**PROBLEM STATEMENT:** Required from the data below: the exact lines starting at the line containing "Mens Latin Dance" and ending at the line containing "На неделе посадки", with both ends kept and all pictures dropped.

(Recorded data)
☆ ☆ ☆ ☆

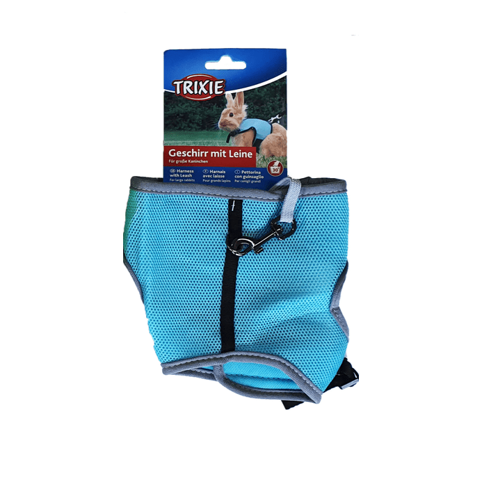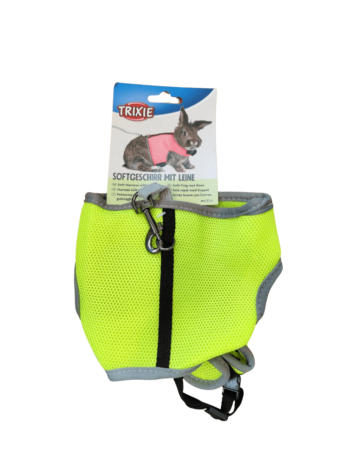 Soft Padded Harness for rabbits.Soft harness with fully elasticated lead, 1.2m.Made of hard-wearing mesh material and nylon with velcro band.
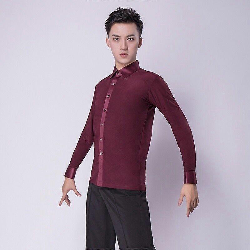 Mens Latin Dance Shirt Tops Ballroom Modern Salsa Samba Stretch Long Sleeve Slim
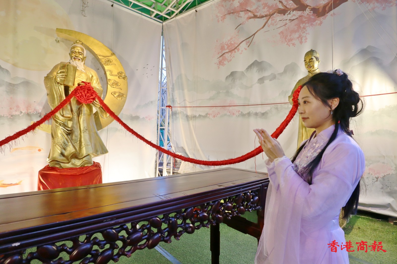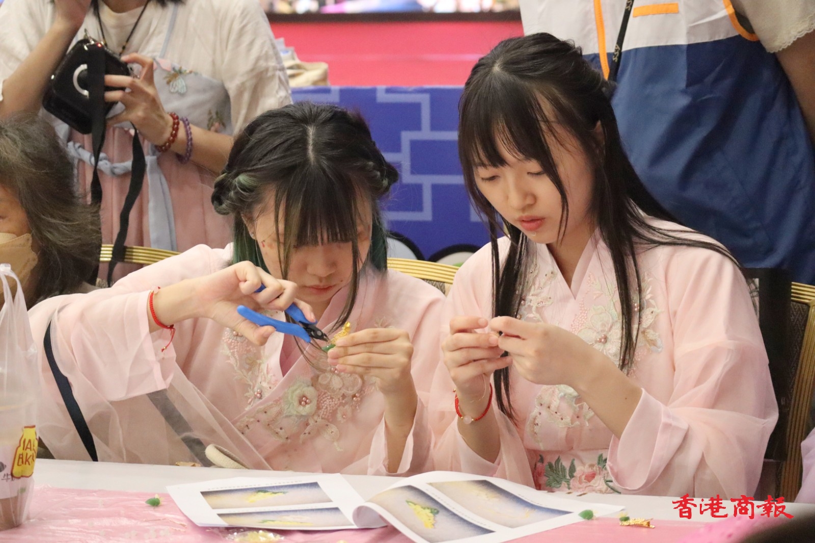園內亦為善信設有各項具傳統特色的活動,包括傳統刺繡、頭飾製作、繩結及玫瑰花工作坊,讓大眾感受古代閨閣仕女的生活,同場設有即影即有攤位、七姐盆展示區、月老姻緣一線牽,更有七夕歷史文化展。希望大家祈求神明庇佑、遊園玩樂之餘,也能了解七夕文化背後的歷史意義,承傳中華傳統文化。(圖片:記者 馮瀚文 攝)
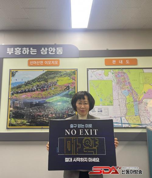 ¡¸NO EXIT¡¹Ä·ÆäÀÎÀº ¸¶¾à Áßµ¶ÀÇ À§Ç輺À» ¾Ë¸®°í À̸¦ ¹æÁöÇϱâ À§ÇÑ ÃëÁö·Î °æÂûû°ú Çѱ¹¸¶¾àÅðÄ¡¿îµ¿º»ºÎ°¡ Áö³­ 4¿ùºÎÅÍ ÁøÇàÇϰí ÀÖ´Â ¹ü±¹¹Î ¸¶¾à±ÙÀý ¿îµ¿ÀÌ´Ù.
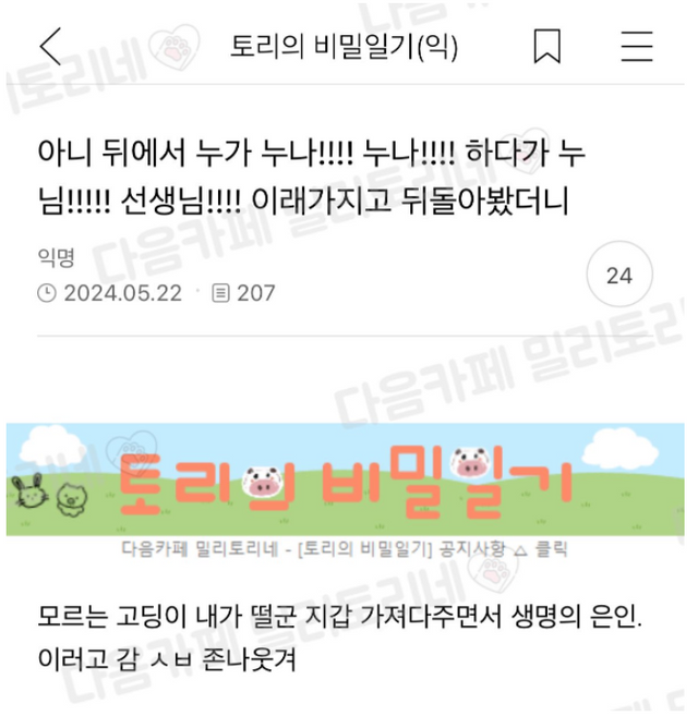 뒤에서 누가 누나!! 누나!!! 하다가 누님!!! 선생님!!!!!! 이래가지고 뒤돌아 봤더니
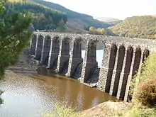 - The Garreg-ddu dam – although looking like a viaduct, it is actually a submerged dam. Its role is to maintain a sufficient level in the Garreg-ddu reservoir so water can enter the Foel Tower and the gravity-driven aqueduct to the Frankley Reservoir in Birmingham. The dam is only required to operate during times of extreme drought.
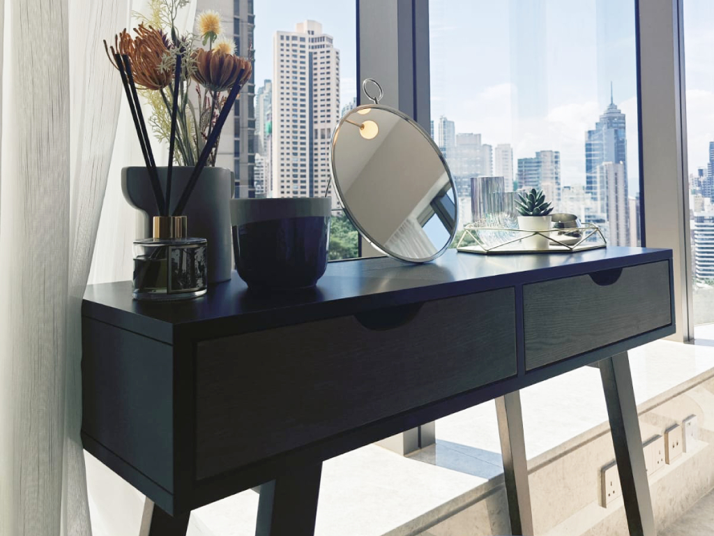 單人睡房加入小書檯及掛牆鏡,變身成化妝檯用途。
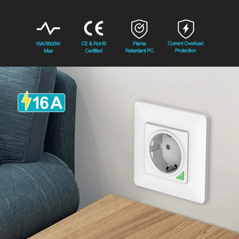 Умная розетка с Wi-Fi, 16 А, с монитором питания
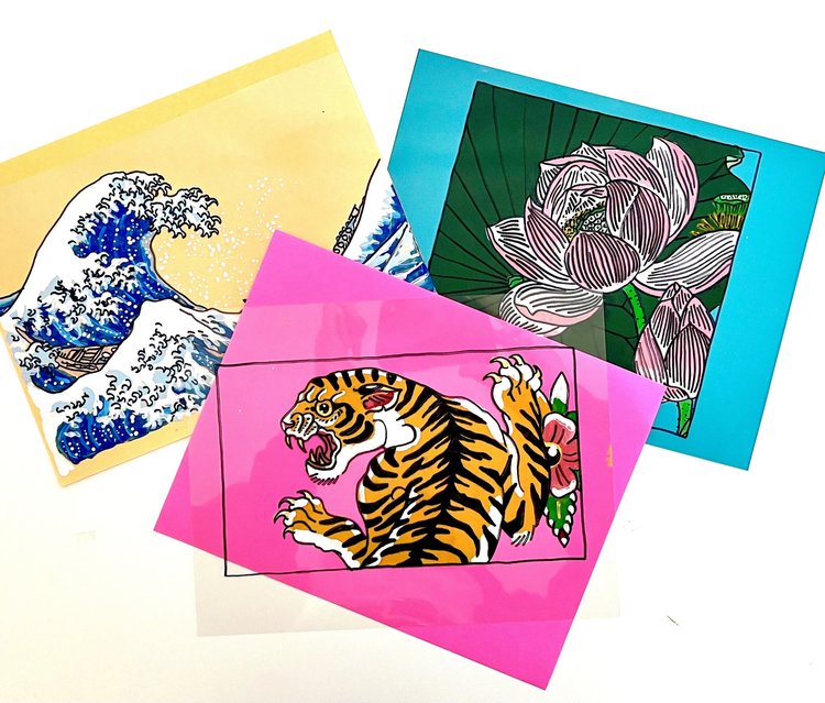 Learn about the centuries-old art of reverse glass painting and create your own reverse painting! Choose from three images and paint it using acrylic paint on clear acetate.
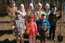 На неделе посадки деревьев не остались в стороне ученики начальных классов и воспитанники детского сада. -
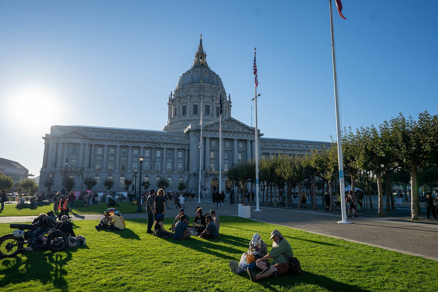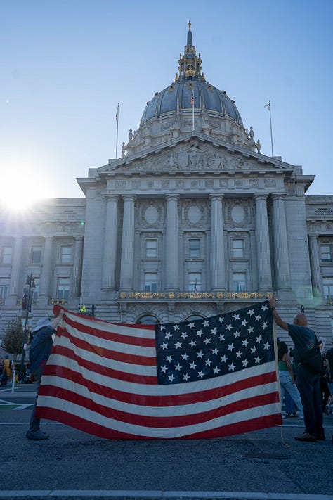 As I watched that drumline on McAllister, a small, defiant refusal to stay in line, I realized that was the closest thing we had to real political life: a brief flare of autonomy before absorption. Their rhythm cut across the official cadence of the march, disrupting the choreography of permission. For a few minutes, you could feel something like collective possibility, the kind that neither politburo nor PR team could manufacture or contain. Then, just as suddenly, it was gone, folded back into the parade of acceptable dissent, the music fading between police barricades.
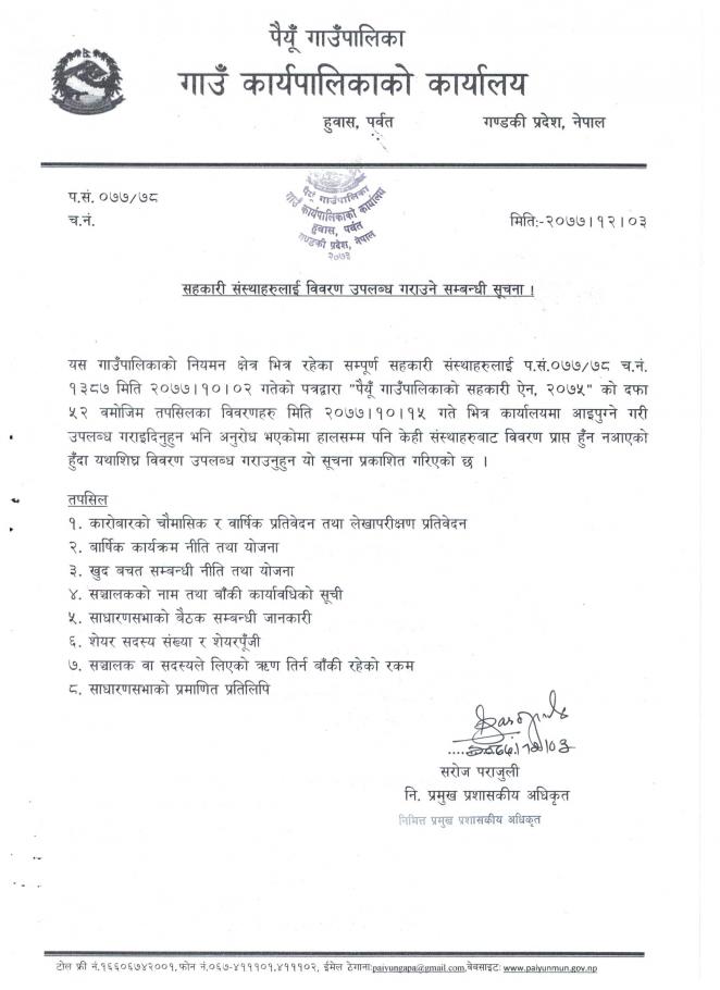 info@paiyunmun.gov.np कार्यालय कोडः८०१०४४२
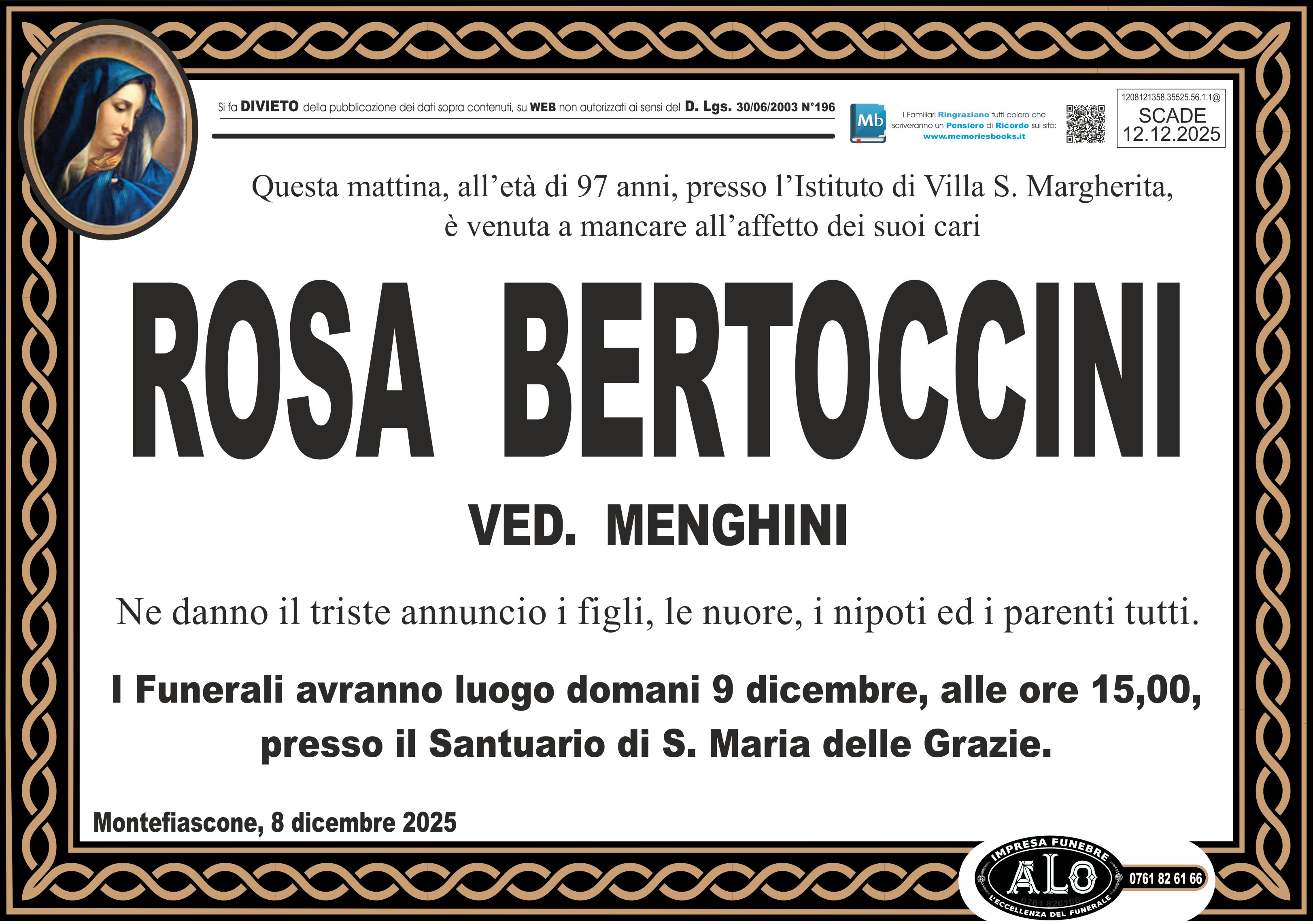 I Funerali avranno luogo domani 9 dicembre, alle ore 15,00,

☆ ☆ ☆ ☆

**ANSWER TO THE EXERCISE:**
 Mens Latin Dance Shirt Tops Ballroom Modern Salsa Samba Stretch Long Sleeve Slim
園內亦為善信設有各項具傳統特色的活動,包括傳統刺繡、頭飾製作、繩結及玫瑰花工作坊,讓大眾感受古代閨閣仕女的生活,同場設有即影即有攤位、七姐盆展示區、月老姻緣一線牽,更有七夕歷史文化展。希望大家祈求神明庇佑、遊園玩樂之餘,也能了解七夕文化背後的歷史意義,承傳中華傳統文化。(圖片:記者 馮瀚文 攝)
 ¡¸NO EXIT¡¹Ä·ÆäÀÎÀº ¸¶¾à Áßµ¶ÀÇ À§Ç輺À» ¾Ë¸®°í À̸¦ ¹æÁöÇϱâ À§ÇÑ ÃëÁö·Î °æÂûû°ú Çѱ¹¸¶¾àÅðÄ¡¿îµ¿º»ºÎ°¡ Áö³­ 4¿ùºÎÅÍ ÁøÇàÇϰí ÀÖ´Â ¹ü±¹¹Î ¸¶¾à±ÙÀý ¿îµ¿ÀÌ´Ù.
 뒤에서 누가 누나!! 누나!!! 하다가 누님!!! 선생님!!!!!! 이래가지고 뒤돌아 봤더니
 - The Garreg-ddu dam – although looking like a viaduct, it is actually a submerged dam. Its role is to maintain a sufficient level in the Garreg-ddu reservoir so water can enter the Foel Tower and the gravity-driven aqueduct to the Frankley Reservoir in Birmingham. The dam is only required to operate during times of extreme drought.
 單人睡房加入小書檯及掛牆鏡,變身成化妝檯用途。
 Умная розетка с Wi-Fi, 16 А, с монитором питания
 Learn about the centuries-old art of reverse glass painting and create your own reverse painting! Choose from three images and paint it using acrylic paint on clear acetate.
 На неделе посадки деревьев не остались в стороне ученики начальных классов и воспитанники детского сада. -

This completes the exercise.